Впереди замаячили какие-то люди с красными флагами. Несколько омоновцев теснили их. Люди пытались прорваться сквозь кордон. Навстречу мне бежали три девушки, жестикулируя на ходу, крича, оглядываясь назад. Но их никто не преследовал… Они пронеслись мимо меня.
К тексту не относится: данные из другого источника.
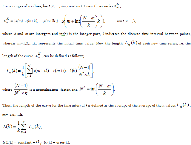 The value of kmin and kmax have to be chosen in advance. Finally, when is plotted against (1/k) on a double logarithmic scale, with k= 1,2,…,kmax, the data should exhibits a straight line, with a slope
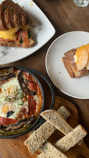 It was our first time here in KHB Bukit Tunku after my friend recommended it to me. The queue took us about 30 mins and it took 3 rounds of searching to find a parking near the roadside. I would say it's easier to get a table if you come in a pair. We were lucky to get a good seat indoor and near the counter. The menu has a variety of options to choose from and as we don't know what are good here, I googled for the suggestions online. Based on my personal experience regarding their service: Someone said on Google review that we can go to the counter to see the pastries and sitting right in front of the display area, I thought like any other normal cafe that we can walk freely to just have a look at the pastries displayed. Right when I was passing by, I was rudely stopped by the waiter named Faruq. He said everyone needs to queue to go to the display counter dining in or not, being confused I explained that I just wanted to see while walking back to my seat with him following me. He seemed unhappy and continued saying I can order from my seat. The thing is I was not even trying to go to the cashier to buy the pastries separately. I think he probably misunderstood me and thought I was cutting queue for the takeaway section. In my defense, both me and my friend didn't even notice there's this takeaway queue. So for no reason, I got told off from the beginning of my dining experience. Even my friend heard him, asked me about it and said his tone wasn't good but we were trying to think from his perspective. Regardless, he pretty much ruined my mood from the start. Just my suggestion, perhaps you can ask if the customer needs help before jumping into the wrong conclusion that affects anyone's mood. Because of that incident, I felt like I needed to ask for permission from the girl standing at the display counter before I could pass through the corridor just to go to the ladies in the corner of the restaurant. However, the Indian guy in red colour long sleeves shirt was super polite and friendly, and the rest of the staffs were also quite nice. Food wise: For the pastry, we'd ordered the peach strudels since I read good reviews about it. The waiter suggested that he served that first before the savoury dishes. I'm glad he did so. Please order some pastries so you have something to fill in your stomach while waiting for the main dishes to be served in a bit. Peach strudels was sooo good, the crunchiness of the flakey pastry skin and the taste was just on point! Highly recommended. Egg flamenco was decent, truffled eggs and smoked salmon came last and I think the waiter forgot to place the order for that dish as it didn't arrive until we asked for it but it was understandable. The dish was quite delicious, with a tad of saltiness on certain bites. All in all, based on just these 2 main course dishes, I would say their pastry is the outstanding one and a must to order if it's your first visit. Coffee were lovely! Environment: The restaurant is quite crowded but can see it's actually quite big and possibly their biggest branch yet. Comfortable place for a meal with your loved ones :) After dining, you can stroll around the shoplots and there's a neighborhood supermarket that you can visit and all the shelves are fully stocked up with a good range of items to...
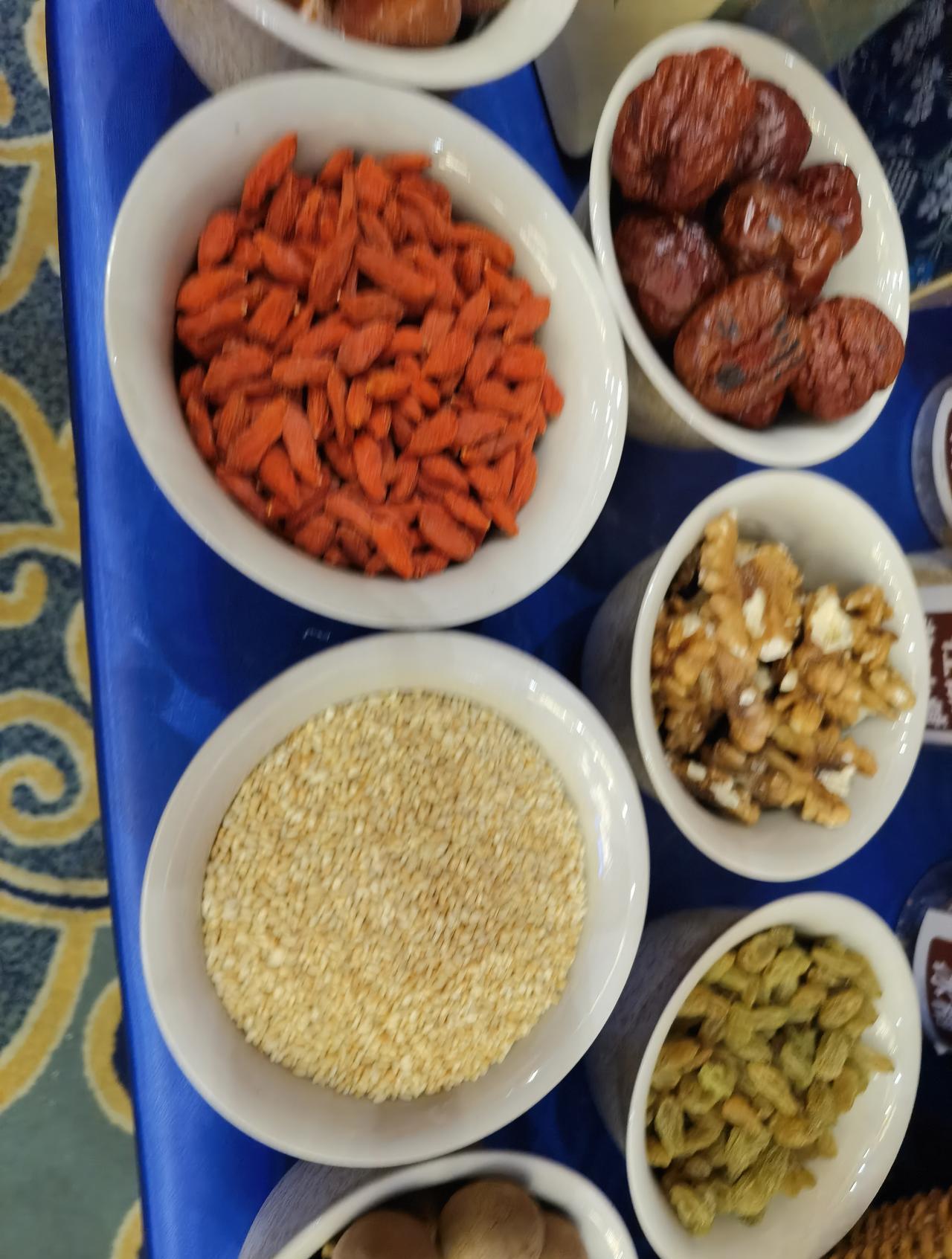 西北三泡台配料丰富得很。常见的有春尖茶(绿茶)、桂圆、枸杞、葡萄干、大枣和黄冰糖
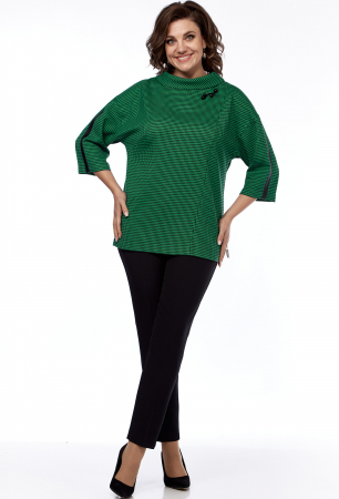 Комплект Блузка и брюки. Блузка: длина 65 см, длина рукава ? 42 см (летучая мышь). Отделка кожа. Застежка на пуговку по спинке.
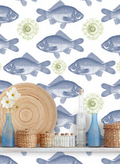 Graceful aquatic forms glide across a deep blue backdrop in the Fish Blue Wallpaper by Mind the Gap—sophisticated and serene. #luxuryinteriors #designerwalls #wallartdecor
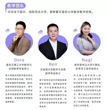 公司核心团队成员均来自华为、腾讯、新东方等知名机构与企业,他们拥有 18 年以上数学教学、国际教育、互联网、海外市场管理等丰富经验。
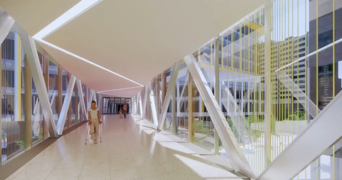 Over the past few months, crews worked to erect the new pedestrian bridge over Elizabeth St. that will connect the Atrium to our future Patient Support Centre.
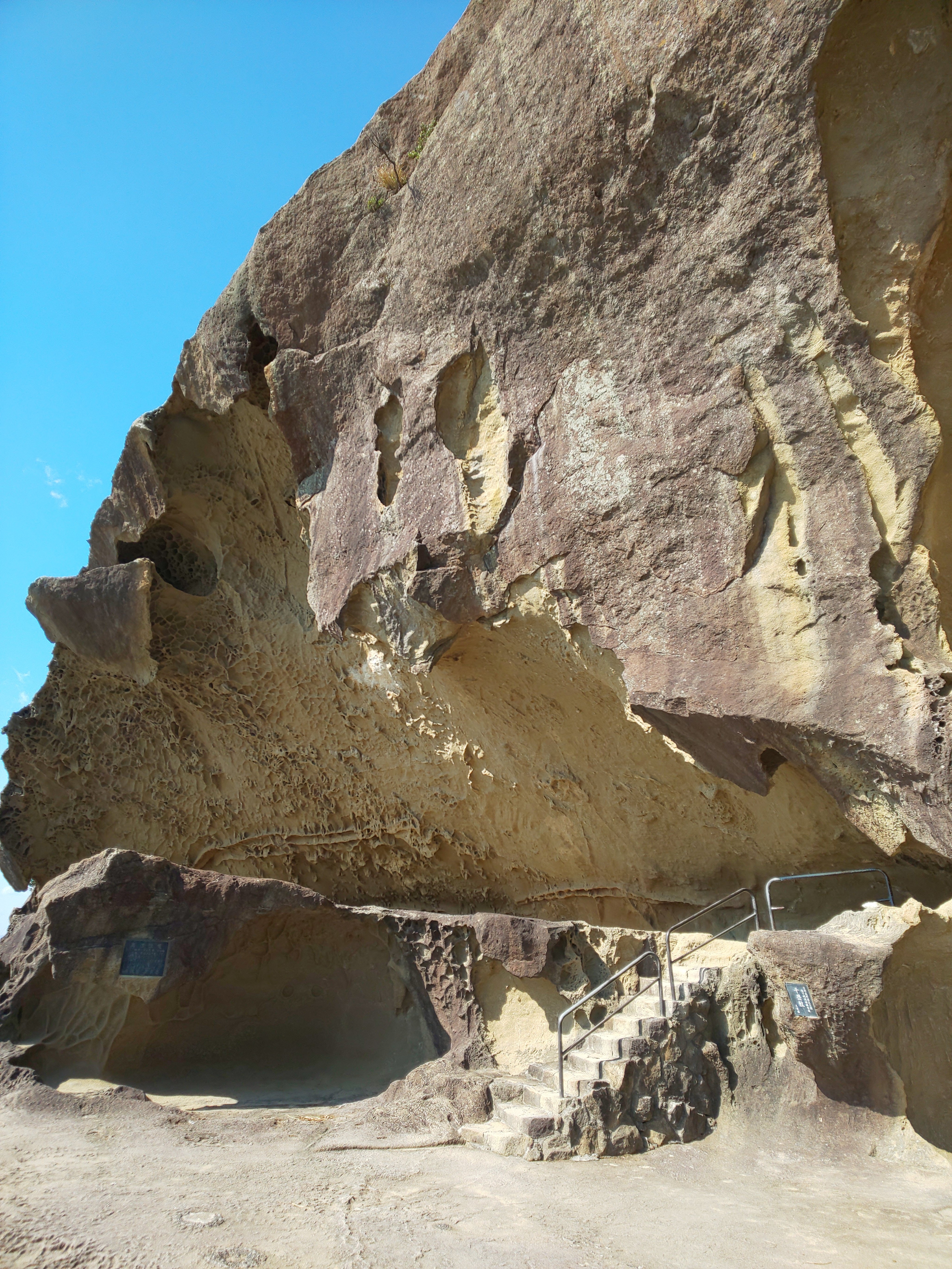 地震による隆起と海風による侵食で岩がえぐられたような形になっている。
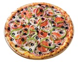 Fresh mushrooms, crisp green peppers, black olives, ripe tomatoes, red onions and Wisconsin mozzarella cheese on our private-labeled pizza sauce.
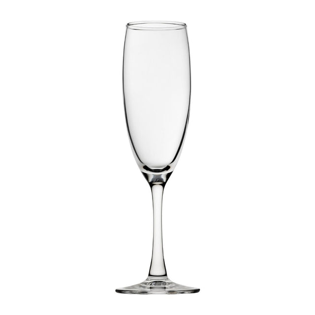 Looking for glassware that's as stylish as it is practical? Then the 185ml champagne flutes from Utopia's Vino collection are exactly what you need. Their rounded bowls provide an elegant and slender look, whilst helping to release the full flavour and aroma of your drinks. A wide base helps to prevent knocks and spills. Made from soda lime glass, each piece benefits from excellent clarity that helps to highlight the look of your favourite tipples.

Обернулся. Одна из них зацепила тебя на бегу, свитер упал на асфальт, трепыхался на ветру. Ты остановилась, озираясь по сторонам.

Вдруг слева показалась огромная разнородная толпа – белые шары, флаги, плакаты «Долой!», «Нет правительству!», «Имперские оккупанты – прочь из Москвы!»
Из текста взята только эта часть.